Initially, visitors will find themselves in the ballroom scene from Ettore Scola’s renowned film Le Bal (1983). Intermittently, the ballroom with its bar comes to life in the presence of a tango dancing couple, reminiscent of the dancers in the film, performing as if for an imaginary camera. As they dance, there is a question whether this is cinema, a play or an art performance, showcasing the fluidity of genres that Sedira introduces into her exhibition. Surprisingly, the experience felt heightened when I arrived in the bar during a lull in the tango performance (visitors will still witness Sedira’s interpretation of the scene in the final room, presented in a full-scale cinema setting). In the absence of the dancers, the ambiance is made palpable with lingering music and marking tape on the dance floor, signalling an absence. While this absence boldly underscores the actors’ missing presence, it also freezes the scene in time, invoking a sense of nostalgia – memories never fade, especially in nations that have experienced colonialism. Through this film-ballroom-bar installation, Sedira ingeniously evokes the magic of cinema without relying on the medium itself, inviting viewers to engage with the artwork on a deeper level.

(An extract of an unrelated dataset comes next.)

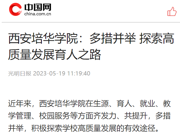 近年来,西安培华学院在生源、育人、就业、教学管理、校园服务等方面齐发力、共提升,多措并举,积极探索学校高质量发展的有效途径。

Continuing into the exhibition, viewers encounter various film sets, which they will recognise later through screenings in the last room. And also, they will see a doll’s house perched atop silvery flight cases for film equipment, reproducing Sedira’s home living room. 

Repeated signs on the stairs indicate that the ‘exhibition continues upstairs’. Here, a recreated set reminiscent of a room in Gillo Pontecorvo’s The Battle of Algiers, is placed. In the next room, the coffin from Luchino Visconti’s film of the book by Albert Camus, The Stranger (1967) appears, then another section, inspired by Orson Welles’ film on art forgery, F For Fake (1973), leads to a faithful, life-size recreation of Sedira’s own cosy living room in Brixton, London, complete with books, film posters, and objects from the previously referenced films. It’s unclear whether this is her actual furniture or an immersive copy of her living room. The familiarity is reinforced by the doll’s house version earlier encountered on the ground floor, which also features a maquette of Sedira. 

The exhibition journey reaches its culmination in the final room, where a full-scale cinema has been constructed to screen Sedira’s film which has the same title as the exhibition, Dreams Have No Titles. The mystery deepens as, in the film, Sedira’s hand places her own miniature in the doll’s house. The repetition extends to other scenes, for example a scene in the film with a live band set in the ballroom, in which Sedira plays, sings and dances. As viewers watch her film, Sedira is depicted watching a film in another prefabricated cinema within it, creating a labyrinth of real and imitative experiences. This exhibition blurs the boundaries between reality and representation, creating a loop in which the viewer’s experience mirrors the artist’s actions within the exhibition space.

By bouncing the viewer between reality, cinema, performance and re-created sets, all delicately bonded with objects from historic-archival and post-liberation material culture, the exhibition leaves you questioning the authenticity of history. What we gaze upon might just be a replica, film sets whose origins and intentions remain obscure. The silver lining is, however, a realisation that we can become creators ourselves, shaping the forthcoming chapters of history.